Aggrenox capsules contain 25 mg of aspirin and 200 mg of extended-release dipyridamole. The recommended dosage is 2 capsules a day—1 in the morning and 1 at night. The cost is about $317 a month, compared with $3 a month for aspirin alone. It is important to note that the daily dose of aspirin (50 mg) is lower than the dose recommended to prevent MI (at least 80 mg/day). Accordingly, supplemental aspirin may be needed.
Cilostazol
Actions and Therapeutic Use
Cilostazol [Pletal], a platelet inhibitor and vasodilator, is indicated for intermittent claudication. (Intermittent claudication is a syndrome characterized by pain, cramping, and weakness of the calf muscles brought on by walking and relieved by resting a few minutes. The underlying cause is atherosclerosis in the legs.) Cilostazol suppresses platelet aggregation by inhibiting phosphodiesterase type 3 (PDE-3) in platelets, and promotes vasodilation by inhibiting PDE-3 in blood vessels (primarily in the legs). Inhibition of platelet aggregation is greater than with aspirin, ticlopidine, or dipyridamole. Full effects take up to 12 weeks to develop but reverse quickly (within 48 hours) after drug withdrawal.
Adverse Effects
Cilostazol causes a variety of untoward effects. The most common is headache (34%). Others include diarrhea, abnormal stools, palpitations, dizziness, and peripheral edema.
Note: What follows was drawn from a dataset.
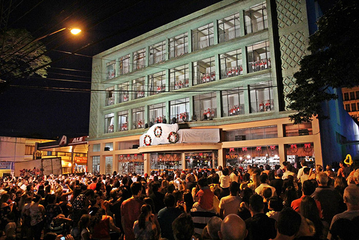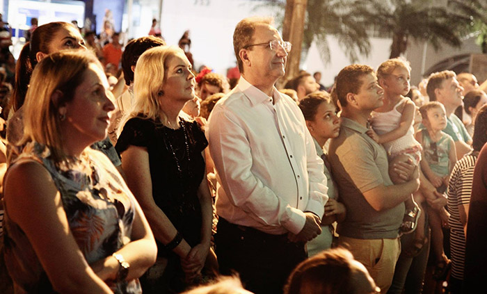 Cornélio Procópio - "Uma noite memorável". Assim pode ser definido o evento que levou milhares de pessoas ao centro da cidade para assistir a Cantata de Natal promovida pela prefeitura do Município. Durante mais de uma hora, os procopenses puderam assistir a um espetáculo sem precedentes com 290 vozes do Coral do Colégio Nossa Senhora do Rosário, que desfilou uma série de músicas natalinas, homenageando o Renascimento de Jesus Cristo, comemorado por Cristãos do mundo inteiro. Olhares fixos se encantaram olhando o prédio Marivone, um dos primeiros edifícios que foram construídos em nossa cidade e que foi preparado especialmente para a Cantata. Ao som a Banda Marcial do Coleginho e eletrônico, o coral demonstrou muito profissionalismo e tranquilidade na execução das melodias. O prefeito Amin Hannouche acompanhou a Cantata de Natal ao lado da primeira Dama Mary Alcântara Hannouche, da vice-prefeita Angélica Olchaneski, assessores e convidados e parabenizou a escola pelo presente de Natal que proporcionou a todos os procopenses que foram ao evento. "Foi muito emocionante. Foi um espetáculo que encheu os olhos daqueles que participaram. Queremos agradecer à direção, professores, colaboradores e alunos do Colégio Nossa Senhora do Rosário pela Cantata maravilhosa que realizaram. Todos estão de parabéns mesmo", afirmou o prefeito. Amin Hannouche também agradeceu à Secretaria de Cultura e todos os envolvidos no evento que marcou mais uma etapa da programação de Natal deste ano em Cornélio Procópio. (Comunicação/Prefeitura)
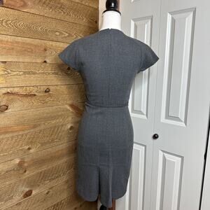 Ted Baker Wool Midi Sheath Dress Gray V-Neck Short Sleeve Size 0

Other drugs that inhibit PDE-3 have increased mortality in patients with heart failure. Whether cilostazol represents a risk is unknown. Nonetheless, heart failure is a contraindication to cilostazol use.
Drug and Food Interactions
Cilostazol is metabolized by hepatic CYP3A4, so cilostazol levels can be increased by CYP3A4 inhibitors (e.g., ketoconazole, itraconazole, erythromycin, fluoxetine, fluvoxamine, nefazodone, sertraline, and grapefruit juice). Metabolism of cilostazol can also be inhibited by omeprazole.
Preparations, Dosage, and Administration
Cilostazol [Pletal] is available in 50- and 100-mg tablets. The usual dosage is 100 mg twice daily, taken 30 minutes before or 2 hours after breakfast and the evening meal. Dosage should be reduced to 50 mg twice daily in patients taking omeprazole and drugs or foods that inhibit CYP3A4.